### WHAT YOU ARE ASKED TO DO
The output must start at the line containing "The colour range" in the records below and stop at the last line, matching each line exactly and leaving out every picture.

SOURCE MATERIAL below:

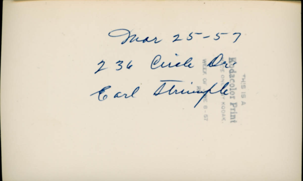 Handwritten label on back says "Mar 25 - 57 236 Circle Dr - Earl Strimple" - Date
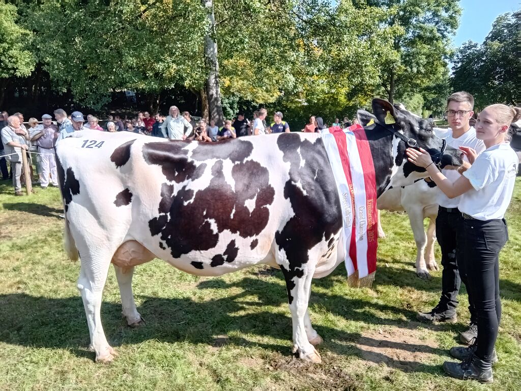 Die letzte Entscheidung des Tages wurde mit Spannung erwartet – die Wahl zur Miss Olpe (Grand Champion). Hierzu stellten Carina Nölker und Hendrik Albers die einzelnen Siegerkühe in einer Reihe auf (Lineup) und entschied sich für die Kat.-Nr.124, die Lambda-Tochter Amira, eine gute mittelrahmige, im korrekten und ausbalancierten Körper, idealem Beinwerk und einem fest, hoch und mit einer starken Textur versehendem Euter. Ein Riesenerfolg für den Züchter und Besitzer Martin Voß mit seiner Familie.
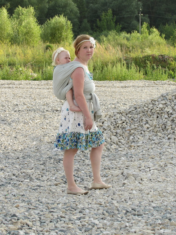 Когда я в том году впервые задумалась о тонком и грузовозном летнем шарфе, я неоднократно находила упоминания об этом слинге и он стал подарком к новому году. И, что удивительно, грел нас под пальто зимой и весной. Но всё таки главным он стал летом. Очень тонкий, мягкий, легкий и такой приятный на ощупь, после стирки стал блестеть на солнце и стал еще мягче. Гуляем в нём часами при температуре + 30 и нам не жарко, при правильной намотке 12 кг растворяются. Обязательно возьмём его на море, думаю для прогулки по горам, он будет отличным помощником.
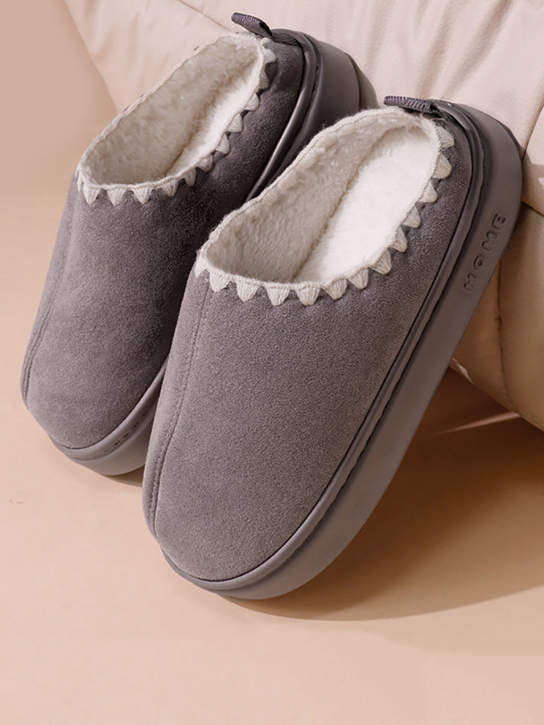 Pantufas de casal sólidas para ambientes internos com forro de lã quente
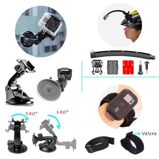 - Kompletny zestaw akcesoriów do kamer sportowych
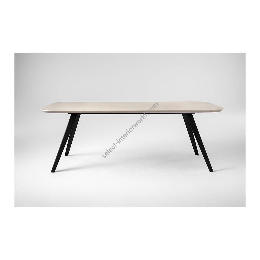 The colour range comes in different finishes: natural ash, bleached ash, cocoa-stained with an open pore finish, and new colour combinations in pastel shades. The top is in ash-veneered MDF, and the frame in solid ash. The collection includes a square, round and rectangular table.
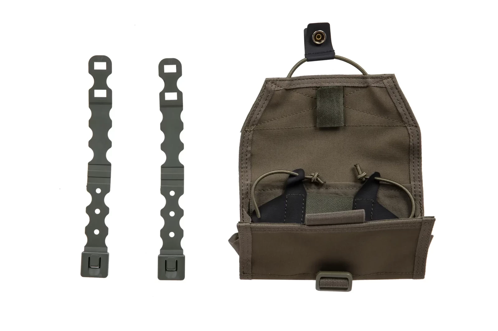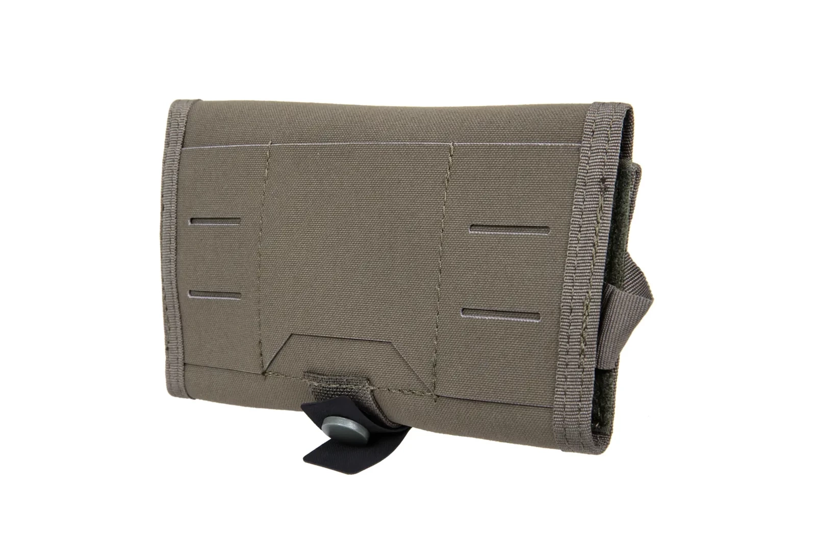 Tył kieszeni ma panel Molle wykonany metodą Laser-Cut. W zestawie są dodatkowo zaczepy w systemie Molle, co pozwala przymocować kieszeń do paska
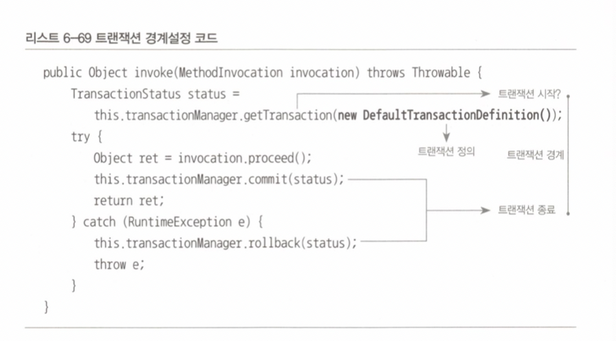 6.6 트랜잭션 속성 6.6.1 트랜잭션 정의 DefaultTransactionDefinition이 구현하고 있는 TransactionDefinition 인터페이스는 트랜잭션 동작방식에 영향을 줄 수 있는 네 가지 속성을 정의하고 있다. 1) 트랜잭션 전파 트랜잭션 경계에서 이미 진행중인 트랜잭션이 있을때/없을때 어떻게 동작할지 결정하는 것 PROPAGATION_REQUIRED 가장 많이 사용되는 트랜잭션 전파 속성진행 중인 트랜잭션이 없으면 새로 시작하고, 이미 시작된 트랜잭션이 있으면 이에 참여한다. DefaultTransactionDefinition의 트랜잭션 전파 속성PROPAGATION_REQUIRES_NEW항상 새로운 트랜잭션을 시작한다. PROPAGATION_NOT_SUPPORTED 트랜잭션..
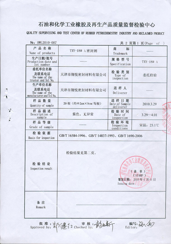 天津市翔悅密封材料股份有限公司 版權所有 備案號:

End of SOURCE MATERIAL.

### RESULT
 The colour range comes in different finishes: natural ash, bleached ash, cocoa-stained with an open pore finish, and new colour combinations in pastel shades. The top is in ash-veneered MDF, and the frame in solid ash. The collection includes a square, round and rectangular table.
 Tył kieszeni ma panel Molle wykonany metodą Laser-Cut. W zestawie są dodatkowo zaczepy w systemie Molle, co pozwala przymocować kieszeń do paska
 6.6 트랜잭션 속성 6.6.1 트랜잭션 정의 DefaultTransactionDefinition이 구현하고 있는 TransactionDefinition 인터페이스는 트랜잭션 동작방식에 영향을 줄 수 있는 네 가지 속성을 정의하고 있다. 1) 트랜잭션 전파 트랜잭션 경계에서 이미 진행중인 트랜잭션이 있을때/없을때 어떻게 동작할지 결정하는 것 PROPAGATION_REQUIRED 가장 많이 사용되는 트랜잭션 전파 속성진행 중인 트랜잭션이 없으면 새로 시작하고, 이미 시작된 트랜잭션이 있으면 이에 참여한다. DefaultTransactionDefinition의 트랜잭션 전파 속성PROPAGATION_REQUIRES_NEW항상 새로운 트랜잭션을 시작한다. PROPAGATION_NOT_SUPPORTED 트랜잭션..
 天津市翔悅密封材料股份有限公司 版權所有 備案號:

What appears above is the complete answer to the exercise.